Soon after this came the downfall. With the struggles of the Reformation went the relics, the gold and jewels, and—worse than all—the decorations and painted windows of the Cathedral. With many abuses and with the disgusting humbug of the old order of things went also, it is sad to think, much of the living reality of religion; and Canterbury Cathedral is to-day an historical museum to the crowd of tourists, and an architectural model for students of that first of all the arts. Curiosity, and little else, draws the crowd. Byron has caught the spirit of the times happily enough (although “beadle” and “cathedral” are not among the elegancies of rhyme) when he says of Don Juan and his companion:—

They saw at Canterbury the Cathedral,
Black Edward’s helm, and Becket’s bloody stone,
Were pointed out as usual by the beadle,
In the same quiet uninterested tone:—
There’s glory for you, gentle reader! All
Ends in a rusty casque and dubious bone.

And how very dubious are the bones that are said to be those of Becket is a question that may not be enlarged upon here.
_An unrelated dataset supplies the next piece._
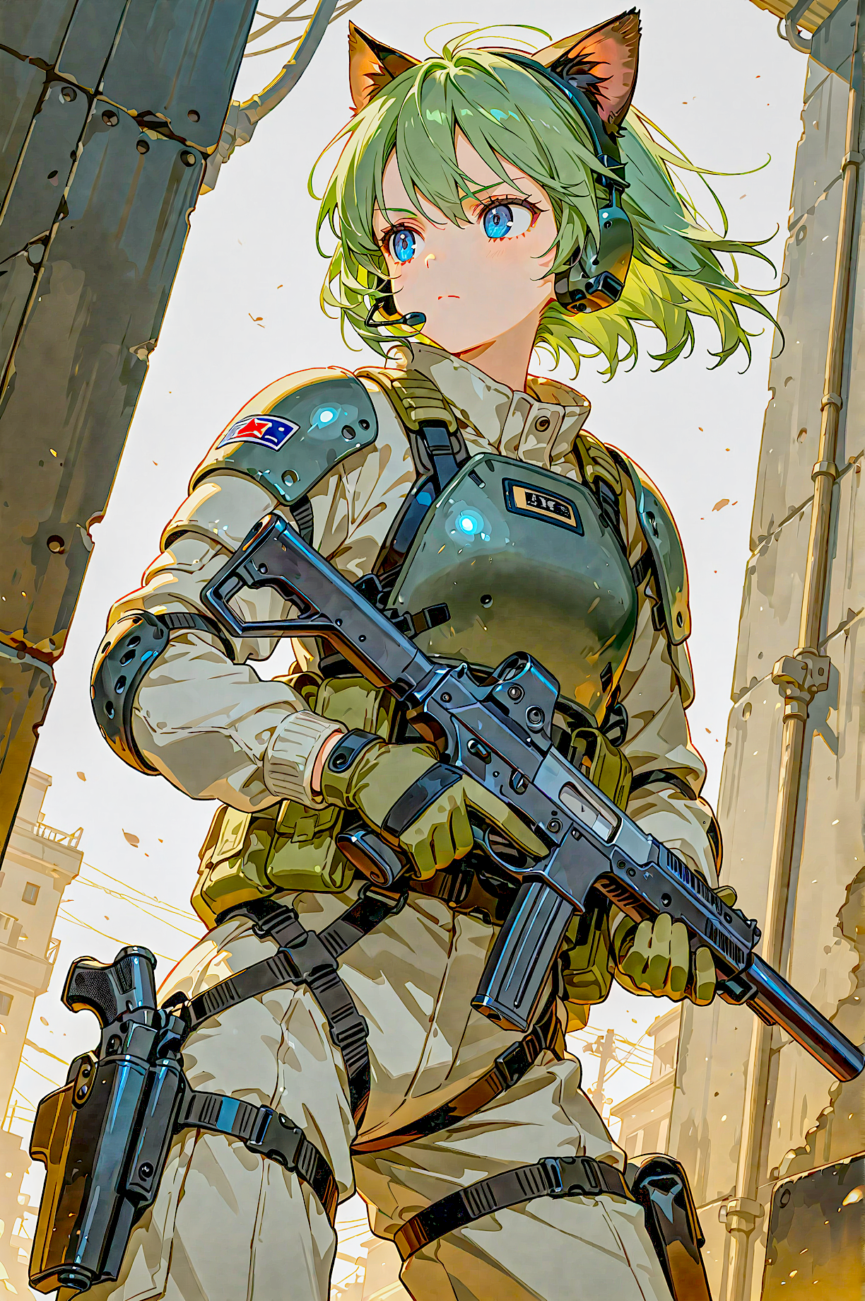 ・元絵はSDXL製です。ハンドガンを指定したんですがSMGぽくもライフルぽくもあるメーカー無指定の銃が出ました。これはGeminiにi2iする時点で別の最新銃に変える予定だったのですがうまくいきませんでした。映画のキービジュアルっぽいのがばっちり出せたのでそこはヨシとしたのです。

For the rest, a holy calm reigns unbroken in the Cathedral Close. Hemmed in and surrounded[7] by massive walls, modernity has no place here, and if the interior of the building is somewhat disappointing, the exterior and its surroundings, especially the north-east aspect, viewed from the Green Court, must be seen to be appreciated. To be sure, this part of the building is Norman and Early English, and no other periods produced such wildly irregular masses. Added to the original irregularity of outline are the puzzling ruins—ivied wall and broken window—dating from the time when Henry the Eighth’s Commissioners destroyed the monastery. Queer passages, dark and tortuous, giving suddenly upon little cloisters and grassy quadrangles, are to be found everywhere; conspicuous among them the “Dark Entry,” immortalized by Tom Ingoldsby in his Legend of Nell Cook.